As I remember, the class moved very slowly and we were in the second hour when the subject was the scroll bar: what it does, how to click on it and how to use it. The class was full and the librarian had to try to watch over everyone and keep them up with the lesson — all the while trying to keep on schedule.
As the librarian has explained to me more recently, students don’t practice what they have learned. So they come back for a new class after weeks, perhaps a month, to learn something else when the old skills have not yet been perfected. In this class it fell to me to play babysitter when one woman sat her granddaughters next to me because the only open seats were in the back of the room while the only available computer was in the front.

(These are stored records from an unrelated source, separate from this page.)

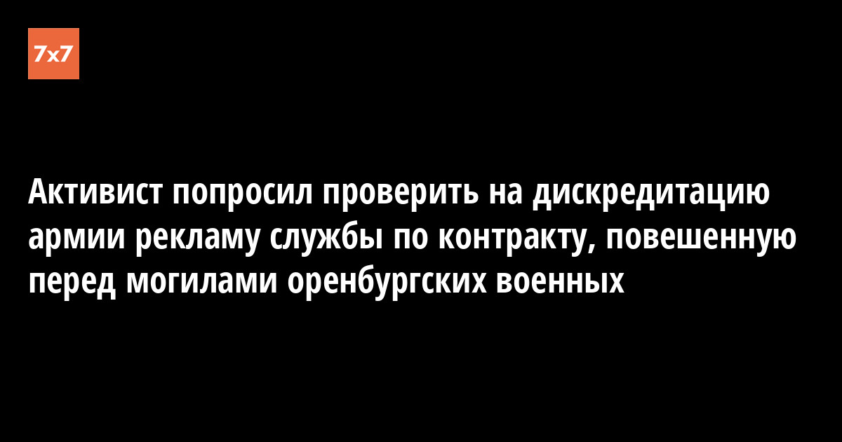 Оренбургский блогер Андрей Лысенко пожаловался в ФСБ на баннер с рекламой службы по контракту, который установили рядом с кладбищем в Бузулуке. Он предположил, что на кладбище есть могилы погибших в Украине военных и сам призыв идти воевать «дискредитирует» армию. В телеграм-канале Lysenok он 11 апреля сообщил, что прокуратура начала проверку по обращению.
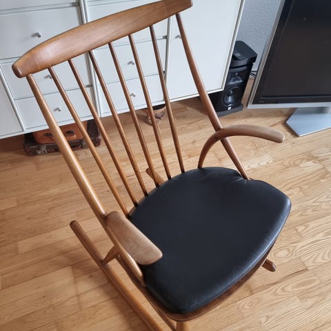 Den smukkeste Illum wikkelsø gyngestol i egetræ, flot stand! Levering kan tilkøbes
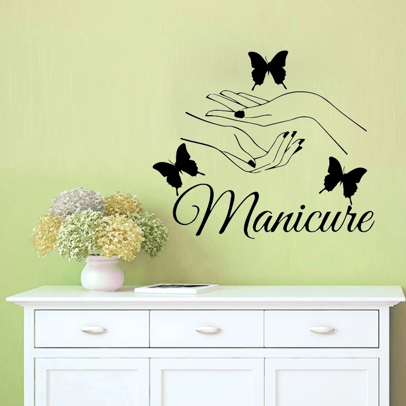 . (4% Rabatt) Kaufen Günstig Schönheit Nagel Salon Wand Aufkleber Maniküre Wand Abziehbilder Schmetterling Hände Zimmer Salon Dekoration Mädchen Schlafzimmer Decor Vinyl Kunst Wandmalereien Preise Online.

As the librarian was very busy with many of the students, I decided to try to help out where I could. One older (60ish?) lady in the back row, whose screen was directly in front of me, was continually having trouble with the mouse. Her trouble struck me the most about this class and the memory was my first thought when I learned I needed to do service learning. She, like a few others in the class, displayed a sense of irreversible disaster with every potential mistake: opening a window accidentally, for instance. — As though something awful had happened or could happen.
A sense of helplessness was prevalent in their practice but nothing was like the trouble this woman was having trying to move the mouse pointer from one side of the screen all the way across to the other side. It was as if the pointer was stranded in the upper right corner of the screen and when the librarian instructed the class to click on the start button at the other corner, the mouse pad was simply not large enough to allow her to move the mouse in a direct line from one corner to its opposite. She kept running off the mouse pad. She would express her frustration then start over, but she couldn’t get the pointer any further than perhaps mid-way to her destination. As the one librarian had to spread out her time among all the students of the group, I decided to try to help out. I showed the lady she could pick up the mouse and set it down on another part of the pad, then she could keep moving the pointer across the screen. This helped the first time, then the next time the same trouble was apparent, I explained it to her again. This helped the second time. After the third time, I began to wonder if my explanation would help for the fourth time.
It seems difficult to imagine people who have not used computers or the Internet, and so have not needed to develop these abilities, to turn around and look for a need for them and therefore a reason to put in the effort to learn them. Perhaps we never remember, or use, what may be valuable if it does not serve some function or interest in the motive(s) of our lives.